Entries taken from a collection
╔══

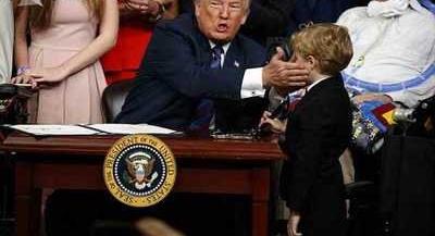 特朗普在艾森豪威尔行政办公大楼签署 “尝试权” 法案时,与 9 岁患有假肥大型肌营养不良症的金发男孩麦克林有互动。特朗普签完名后将笔递给麦克林,还摸了摸他的脸,之后注意到麦克林张开双臂,立即给了他一个拥抱,并亲吻了他的额头,还夸奖了他的头发,开玩笑称:“如果我有这张脸和这样的头发,我可能 10 年前就能当上总统”。
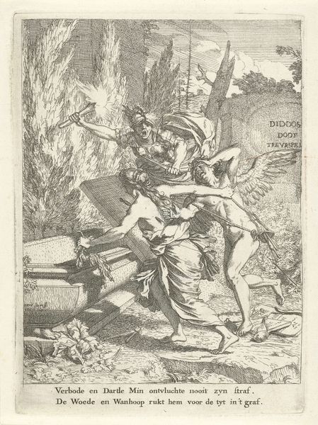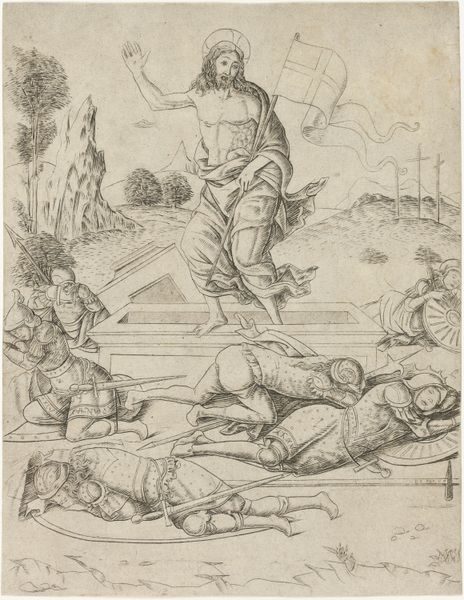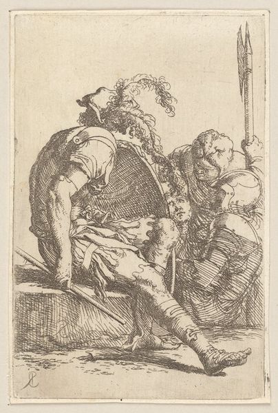 Editor: This is "A Captain of Banditti Sending Out a Party" an etching from 1778 by John Hamilton Mortimer, currently at the Metropolitan Museum of Art. The scene has an unsettling vibe, with all these armed men sketched in such stark detail. What's your take on this piece? Curator: Look closely at the *process* here. Mortimer uses etching, a printmaking method that democratized image production in the 18th century. Prints weren't precious unique objects. They were reproducible, consumable. Note the level of detail achievable with etching, despite it being a relatively 'low' art form compared to painting. Why do you think Mortimer chose etching to depict this scene of banditry? Editor: Maybe to reach a wider audience with his narrative? What’s the social commentary aspect here? Curator: Precisely! Consider the social context. "Banditti" – often romanticized figures – challenge the established order. Mortimer is highlighting power dynamics, who has access to resources, who is deemed 'criminal'. Etching, a commercially viable medium, allows him to disseminate this image widely, sparking a dialogue about class and control. Notice also the emphasis on clothing, adornment, arms as material indicators of the figures’ status. Do you think Mortimer fully condemns the bandits or complicates the picture? Editor: I guess it's more complex. He depicts them with enough detail to be almost sympathetic. The material trappings, the weapons – it all hints at a kind of forced criminality. It wasn’t their original design maybe. Curator: And what about the implied viewer? The print as commodity invited broader commentary and consumption. So, by engaging with Mortimer's materials and the context of their use, we can unlock so much more depth and commentary. Editor: Right, it gives it all a new weight when thinking about it not just as a historical image but about who it was *for*. Thanks, that’s changed how I’ll look at etchings from now on.
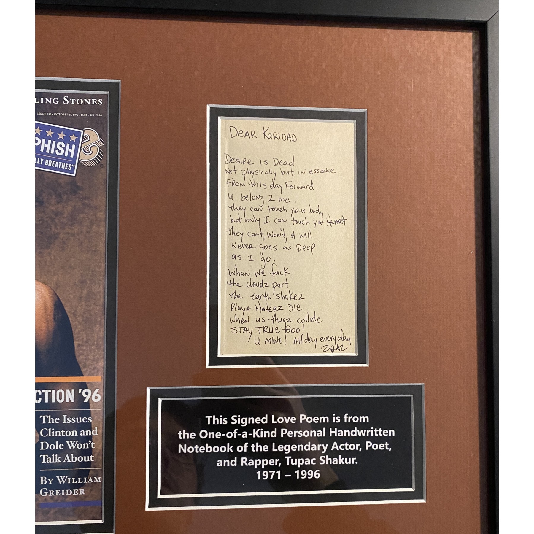 This signed Love Poem is from the one-of-a-kind Personal Notebook of the Late Legendary Actor, Poet, and Rapper, Tupac Shakur written to his girlfriend, Karidad to declare his eternal love. Sadly, Tupac didn't live long enough share all that love, due to the fact that he was assassinated on September 7th, 1996, more than 25 years ago. However, his legacy seems to only grow with time.
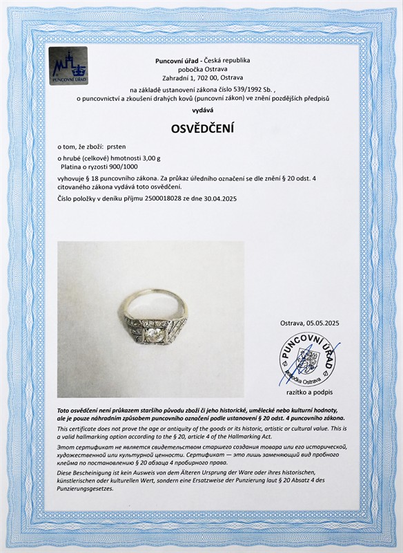 platina o ryzosti 900/1000 váha 3,02g míry hlavy bez boční strany 1 x 0,8 cm přírodní diamant 1 ks 0,60 ct, vzácně bílý (D-E-F), čistota I1, diamanty 26 ks 0,43 ct, vzácně bílý (D-E-F), čistota SI1-SI2-I1-I2 velikost 51-52 výborný stav osvědčení puncovního úřadu certifikát z gemologické laboratoře je součástí šperku
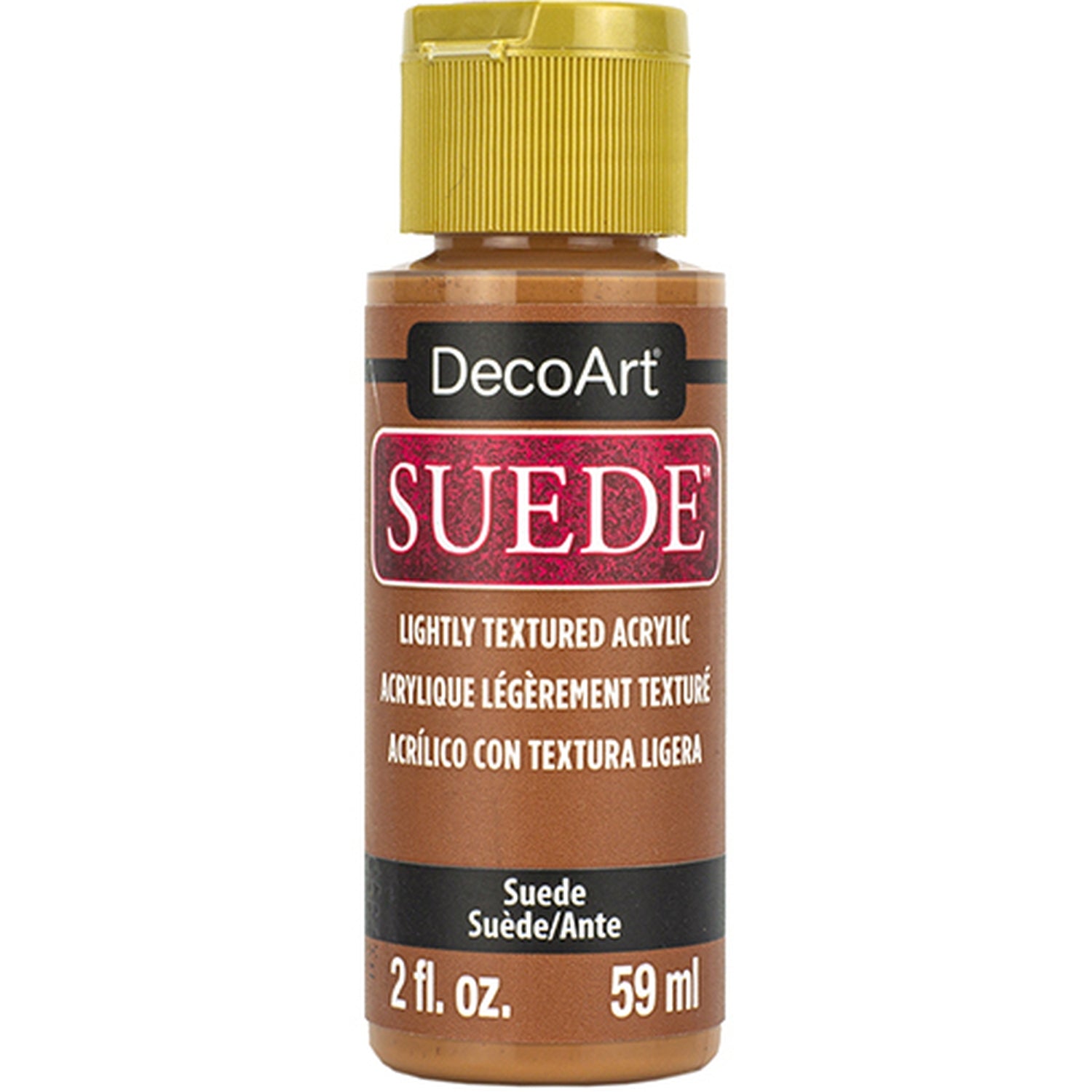 DecoArt Suede – 2oz. from World of Craft. DecoArt Suede adds the rich, indulgent look of brushed suede to craft projects. This lightly textured acrylic easily transforms your project with subtle dimension that instantly summons memories of these velvety, warm textures. DecoArt Suede Varnish adds a clear, velvety-matte finish to any DecoArt Suede project. This durable topcoat fuses with the paint to provide a strong layer of protection against daily use. Works on wood, walls, canvas, terra cotta, paper, styrofoam, unglazed ceramics. Sold as a single 2oz bottles. MPN DSU12-30

╚══

**Brief**
Write out every record above exactly, leaving no picture in the result.

**Answer to this problem**
 特朗普在艾森豪威尔行政办公大楼签署 “尝试权” 法案时,与 9 岁患有假肥大型肌营养不良症的金发男孩麦克林有互动。特朗普签完名后将笔递给麦克林,还摸了摸他的脸,之后注意到麦克林张开双臂,立即给了他一个拥抱,并亲吻了他的额头,还夸奖了他的头发,开玩笑称:“如果我有这张脸和这样的头发,我可能 10 年前就能当上总统”。
 Editor: This is "A Captain of Banditti Sending Out a Party" an etching from 1778 by John Hamilton Mortimer, currently at the Metropolitan Museum of Art. The scene has an unsettling vibe, with all these armed men sketched in such stark detail. What's your take on this piece? Curator: Look closely at the *process* here. Mortimer uses etching, a printmaking method that democratized image production in the 18th century. Prints weren't precious unique objects. They were reproducible, consumable. Note the level of detail achievable with etching, despite it being a relatively 'low' art form compared to painting. Why do you think Mortimer chose etching to depict this scene of banditry? Editor: Maybe to reach a wider audience with his narrative? What’s the social commentary aspect here? Curator: Precisely! Consider the social context. "Banditti" – often romanticized figures – challenge the established order. Mortimer is highlighting power dynamics, who has access to resources, who is deemed 'criminal'. Etching, a commercially viable medium, allows him to disseminate this image widely, sparking a dialogue about class and control. Notice also the emphasis on clothing, adornment, arms as material indicators of the figures’ status. Do you think Mortimer fully condemns the bandits or complicates the picture? Editor: I guess it's more complex. He depicts them with enough detail to be almost sympathetic. The material trappings, the weapons – it all hints at a kind of forced criminality. It wasn’t their original design maybe. Curator: And what about the implied viewer? The print as commodity invited broader commentary and consumption. So, by engaging with Mortimer's materials and the context of their use, we can unlock so much more depth and commentary. Editor: Right, it gives it all a new weight when thinking about it not just as a historical image but about who it was *for*. Thanks, that’s changed how I’ll look at etchings from now on.
 This signed Love Poem is from the one-of-a-kind Personal Notebook of the Late Legendary Actor, Poet, and Rapper, Tupac Shakur written to his girlfriend, Karidad to declare his eternal love. Sadly, Tupac didn't live long enough share all that love, due to the fact that he was assassinated on September 7th, 1996, more than 25 years ago. However, his legacy seems to only grow with time.
 platina o ryzosti 900/1000 váha 3,02g míry hlavy bez boční strany 1 x 0,8 cm přírodní diamant 1 ks 0,60 ct, vzácně bílý (D-E-F), čistota I1, diamanty 26 ks 0,43 ct, vzácně bílý (D-E-F), čistota SI1-SI2-I1-I2 velikost 51-52 výborný stav osvědčení puncovního úřadu certifikát z gemologické laboratoře je součástí šperku
 DecoArt Suede – 2oz. from World of Craft. DecoArt Suede adds the rich, indulgent look of brushed suede to craft projects. This lightly textured acrylic easily transforms your project with subtle dimension that instantly summons memories of these velvety, warm textures. DecoArt Suede Varnish adds a clear, velvety-matte finish to any DecoArt Suede project. This durable topcoat fuses with the paint to provide a strong layer of protection against daily use. Works on wood, walls, canvas, terra cotta, paper, styrofoam, unglazed ceramics. Sold as a single 2oz bottles. MPN DSU12-30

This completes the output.